INPP5D, a key genetic risk factor for LOAD, is highly expressed in microglia, but its functional mechanism remains unclear. In this study, researchers found that the N-terminal SH2 domain of INPP5D directly bound to the p-Y383 site of RIPK1, a serine/threonine kinase mediating neuroinflammation, to suppress its kinase activation. This process was independent of INPP5D’s phosphatase activity.

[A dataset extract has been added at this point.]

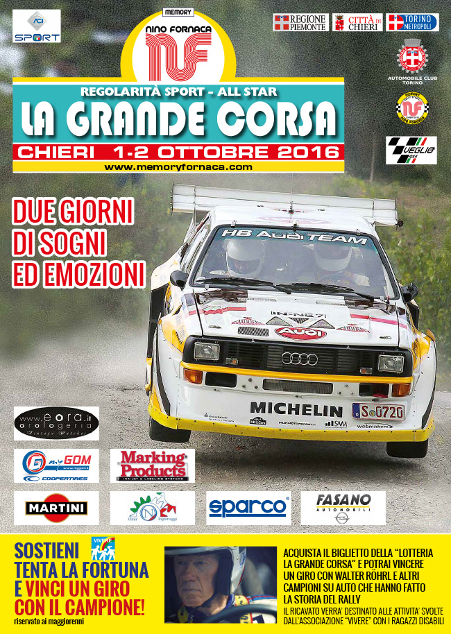 Il tedesco Walter Rorhl, due volte campione del mondo rally, sarà infatti l’ospite d’onore della “Grande Corsa “ ” Memorial Nino Fornaca” che prenderà il via dall’Arco di via Vittorio Emanuele II sabato 1 ottobre alle 20.30.

Moreover, researchers showed that microglial INPP5D deficiency cell-autonomously activated RIPK1, driving the transcription of diverse proinflammatory mediators including Toll-like receptors, inflammasomes and complement factors and 17 LOAD risk genes such as ApoE and Trem2. In aging mice, myeloid INPP5D deficiency induced RIPK1-dependent dystrophic microglia, neuronal TDP-43 pathology, cortical neuron and motoneuron loss, as well as motor dysfunction in a non-cell-autonomous manner.
Notably, researchers found that RIPK1-regulated gene signatures in INPP5D-deficient murine microglia were highly consistent with lipid-processing and inflammatory microglial subtypes in human AD brains. In human iPSC-derived microglia carrying the AD-associated INPP5D risk allele, RIPK1 inhibition by Nec-1s effectively suppressed the proinflammatory response and downregulated AD risk genes, mirroring the results in mouse models.
Genetic or pharmacological inhibition of RIPK1 reversed the above pathological changes in mice and human microglia, confirming RIPK1 as a downstream effector of INPP5D. This study identifies INPP5D as an intracellular rheostat controlling RIPK1-mediated neuroinflammation, and highlights RIPK1 kinase as a promising therapeutic target for LOAD and AD-ALS comorbidity.